Otherwise, we have lots of code for developers-only - this is like pylintrc
or the unit tests. Eventually, we might be able to make this part of the
pre-merge checks.

Revision history for this message
Thierry Carrez (ttx) wrote :

Maybe I'm overzealous in trying to keep the nova core code focused :)

My point is that the termie-bot is generally useful for openstack projects and is not nova-specific, so maybe it could live outside the nova source tree. Like pep8.

That said, I don't really care, so if the nova-core consensus is that it should live in core code, i'm fine with it.

Revision history for this message
justinsb (justin-fathomdb) wrote :

I think we have different style rules in nova than in some of the other
projects; let's start this here and see if other projects want to grab and
adapt it to their own styles. We can pull it out in future!

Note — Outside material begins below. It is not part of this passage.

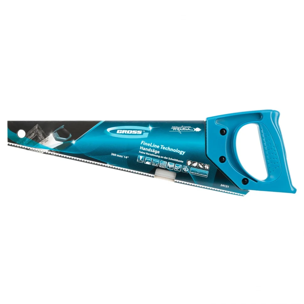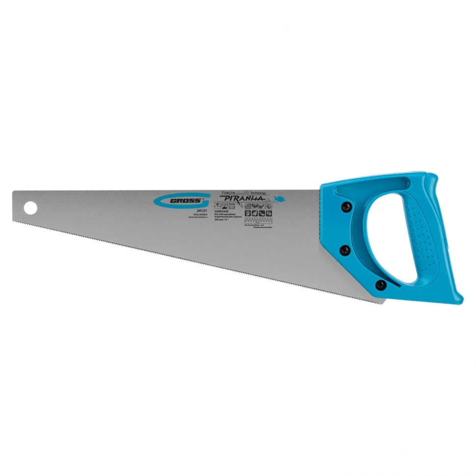 Ножовка для работы с ламинатом "Piranha", 360 мм, 15-16 TPI, зуб 2D, каленый зуб, пласт.рук-ка Gross 24121

Revision history for this message
Jay Pipes (jaypipes) wrote :

89 +class TwoLinesAfterLog(SimpleRegexChecker):
90 + def _build_regex(self):
91 + self.regex = '\nLOG(\s)*=[^\n]*\n[^\n][^\n]'
92 + # We matched a leading \n
93 + self.skip_chars = 1

I know Andy has stated this on your reviews, but this isn't actually part of pep8 nor the HACKING style guide. This:

LOG = logging.getLogger(...)
FLAGS = flags.FLAGS

class Blah():

is perfectly acceptable according to both pep8 and HACKING, as far as I read it. In fact, a brief search through many Nova files shows tons of examples like the above.

-jay

Revision history for this message
justinsb (justin-fathomdb) wrote :

Jay - I'm guessing termie would say it comes under this:

"- thou shalt put two newlines twixt toplevel code (funcs, classes, etc)"

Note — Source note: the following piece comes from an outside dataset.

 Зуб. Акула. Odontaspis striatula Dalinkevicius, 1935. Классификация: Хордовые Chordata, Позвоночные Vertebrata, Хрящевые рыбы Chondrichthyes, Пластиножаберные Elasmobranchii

But half the point of this is to get consistency by codifying these rules, as well as to let code reviewers focus on higher level concerns (like the pep8 checker does).

And, yes, this checker does indeed flag a large number of issues in the current code.

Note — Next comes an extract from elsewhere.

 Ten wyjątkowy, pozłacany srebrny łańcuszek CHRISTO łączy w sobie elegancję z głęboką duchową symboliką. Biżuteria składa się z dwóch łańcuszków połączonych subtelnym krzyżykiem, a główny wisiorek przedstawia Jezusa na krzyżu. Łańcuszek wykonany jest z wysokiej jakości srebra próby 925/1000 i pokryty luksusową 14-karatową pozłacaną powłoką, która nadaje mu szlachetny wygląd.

Revision history for this message
Jay Pipes (jaypipes) wrote :

On Mon, Mar 28, 2011 at 12:50 PM, justinsb <email address hidden> wrote:
> Jay - I'm guessing termie would say it comes under this:
>
> "- thou shalt put two newlines twixt toplevel code (funcs, classes, etc)"
>
> But half the point of this is to get consistency by codifying these rules, as well as to let code reviewers focus on higher level concerns (like the pep8 checker does).

If that were what termie meant, I don't think he would have written
half the code in Nova to group top-level class constants together...

Do you REALLY want to see every module-level constant separated by 2 newlines?

-jay

Revision history for this message
termie (termie) wrote :

> On Mon, Mar 28, 2011 at 12:50 PM, justinsb <email address hidden> wrote:
> > Jay - I'm guessing termie would say it comes under this:
> >
> > "- thou shalt put two newlines twixt toplevel code (funcs, classes, etc)"
> >
> > But half the point of this is to get consistency by codifying these rules,
> as well as to let code reviewers focus on higher level concerns (like the pep8
> checker does).
>
> If that were what termie meant, I don't think he would have written
> half the code in Nova to group top-level class constants together...
>
> Do you REALLY want to see every module-level constant separated by 2 newlines?
>

Yes, though it is more specifically different types of objects, LOG and FLAGS are pretty different where as FLAGS and flags.DEFINE_boolean are not. We shouldn't actually have many constants, however, as most actual constants are defined as FLAGS which allows them to be described.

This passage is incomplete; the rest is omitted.